These three young men were not afraid of the king. They said:
“O King Nebuchadnezzar, we are ready to answer you at once. The God whom we serve is able to save us from the fiery furnace, and we know that he will save us. But if it is God’s will that we should die, even then you may understand, O king, that we will not serve your gods, nor worship the golden image.”
This answer made the king more furious than before. He said to his servants:
“Make a fire in the furnace hotter than ever it has been before, as hot as fire can be made; and throw these three men into it.”
Then the soldiers of the king’s army seized the three young Jews, as they stood in their loose robes, with their turbans on their heads. They tied them with ropes, and dragged them to the mouth of the furnace, and threw them into the fire. The flames rushed from the opened door with such fury that they burned even to death the soldiers who were holding these men; and the men themselves fell down bound into the middle of the fiery furnace.

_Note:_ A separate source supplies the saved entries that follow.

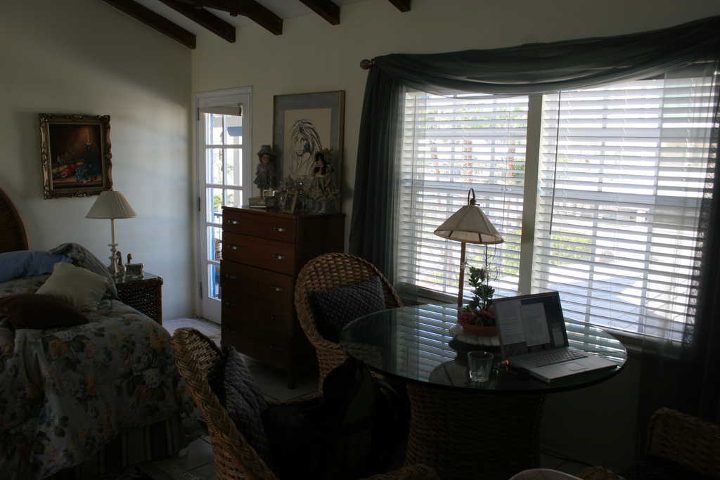 My laptop on the table is using my new Verizon BroadbandAccess card, giving me megabit speeds over the cell network at a fixed monthly rate. Sweet.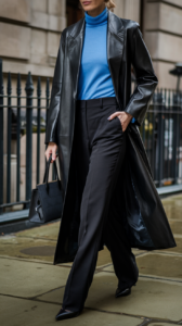 Look for clean cuts: cinched waist, structured shoulders, or bold lapels. A fitted trench or belted wool coat gives polish without fuss.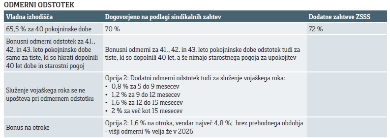 Načeloma ostaja za upokojitev dovolj 40 let delovne dobe, a ne nujno za vse. Treba je poznati tudi podrobnosti, ki jih predstavljamo v tabelah; v njih je tudi več o odmernem odstotku, ki se počasi zvišuje, in referenčnem obdobju, ki se spreminja.

But an angel befriended them and they were unhurt.
[Illustration: An angel befriended them]
King Nebuchadnezzar stood in front of the furnace, and looked into the open door. As he looked, he was filled with wonder at what he saw; and he said to the nobles around him:
“Did we not throw three men bound into the fire? How is it then that I see four men loose walking in the furnace; and the fourth man looks as though he were a son of the gods?”
And the nobles who stood by could scarcely speak, so great was their surprise.
“It is true, O king,” at last they said to Nebuchadnezzar, “that we cast these men into the flames, expecting them to be burned up; and we cannot understand how it happens that they have not been destroyed.”
The king came near to the door of the furnace, as the fire became lower; and he called out to the three men within it:
“Shadrach, Meshach, and Abed-nego, ye who serve the Most High God, come out of the fire, and come to me.”
They came out and stood before the king, in the sight of all the princes, and nobles, and rulers; and every one could see that they were alive.
Their garments had not been scorched, nor their hair singed, nor was there even the smell of fire upon them.
Then King Nebuchadnezzar said before all his rulers:
“Blessed be the God of Shadrach, Meshach, and Abed-nego, who has sent his angel, and has saved the lives of these men who trusted in him. I make a law that no man in all my kingdoms shall say a word against their God, for there is no other god who can save in this manner those who worship him. And if any man speaks a word against their God, the Most High God, that man shall be cut in pieces, and his house shall be torn down.”
After King Nebuchadnezzar died, his kingdom became weak, and the city of Babylon was taken by the Medes and Persians, under Cyrus, a great warrior.